Among the over-120 presumably valid species of the genus (Huber, 1996) none is exhibiting those combined characters: only one species, A. gardneri s.l. from the coastal lowlands and corresponding foothills of Nigeria and northwestern Cameroun is coming close to this combination; however, it differs from the new species by its annual or semi-annual condition, by the presence of short streamers on the male caudal fin, by an even deeper body (depth at anal level: 22%-25% of S.L., according to Scheel, 1968). We infer that those shared characteristics of these two distantly related species are just the result of hazard, the total number of combinations being in essence limited.
Description.- The key morphomeristical characters of eight types are the following (the holotype, first; average and standard deviation, last).
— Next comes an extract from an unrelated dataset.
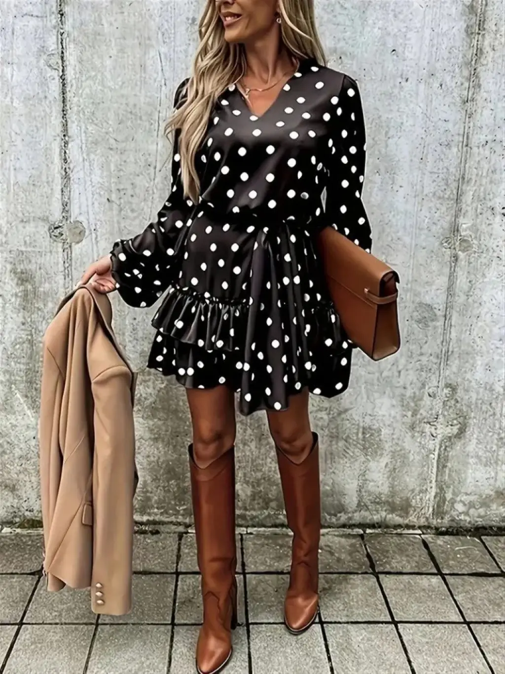 Kadın Uzun Kollu V Yakalı Belden Kuşaklı Puantiyeli Mini Modal Elbise

Sex: male, male, male, male, male, female, female, female. Standard length (in mm): 38.5; 36.8; 36.6; 37.9; 34.0; 30.5; 29.5; 32.3. Total length (in % of S.L.): 122%, 124%, 125%, 122%, 121%, 123%, 125%, 124% (mean: 123.25%; S.D.: 1.35%). Predorsal length (in % of S.L.): 62%, 64%, 65%, 63%, 64%, 65%, 67%, 65% (mean: 64.50%; S.D.: 1.58%). Preanal length (in % of S.L.): 60%, 61%, 61%, 58%, 60%, 63%, 63%, 60% (mean: 60.71%; S.D.: 1.72%). Preventral length (in % of S.L.): 47%, 53%, 50%, 48%, 49%, 51%, 49%, 48% (mean: 49.54%; S.D.: 1.84%). Depth at Anal level (in % of S.L.): 21%, 20%, 22%, 21%, 21%, 21%, 22%, 21% (mean: 21.10%; S.D.: 0.62%). Depth at Peduncle level (in % of S.L.): 12%, 13%, 13%, 13%, 13%, 12%, 13%, 13% (mean: 12.50%; S.D.: 0.48%). Head length (in % of S.L.): 26%, 30%, 27%, 28%, 27%, 29%, 27%, 24% (mean: 27.14%; S.D.: 1.73%). Interorbitar (in % of S.L.): 16%, 13%, 13%, 12%, 13%, 14%, 13%, 12% (mean: 13.18%; S.D.: 1.23%). Eye diameter (in % of S.L.): 8%, 8%, 8%, 7%, 7%, 9%, 8%, 7% (mean: 7.52%; S.D.: 0.56%). Snout (in % of S.L.): 7%, 8%, 7%, 6%, 7%, 8%, 7%, 7% (mean: 7.16%; S.D.: 0.56%). Vertebrae (abdominal+caudal): 12+16, 12+15, 13+15, 12+16, 11+16, 12+16, 12+15, 11+16 (mean: 27.5; S.D.: 0.5). Dorsal fin rays: 15, 15, 15, 15, 14, 14, 14, 14 (mean: 14.5; S.D.: 0.5). Anal fin rays: 17, 17, 16, 16, 16, 16, 16, 16 (mean: 16.25; S.D.: 0.43) D/A deviation: +4, +4, +3, +4, +3, +3, +4, +3 (mean: +3.5; S.D.: 0.5) LL (lateral scales + scales on caudal peduncle): 28+3, 27+3, 26+4, 28+3, 28+3, 27+3, 28+2, 27+2 (mean: 27.4; S.D.: 0.7). pDor (predorsal scales): 16, 16, 17, 15, 15, 16, 15, 16 (mean: 15.8; S.D.: 0.7). TRAV. (transversal scales): 9, 8, 8, 8, 8, 8, 8, 8 (mean: 8.1; S.D.: 0.3). CIR (circumpeduncular scales in a transversal zig-zag row): 16, 16, 15, 14, 16, 15, 16, 15 (mean: 15.4; S.D.: 0.7).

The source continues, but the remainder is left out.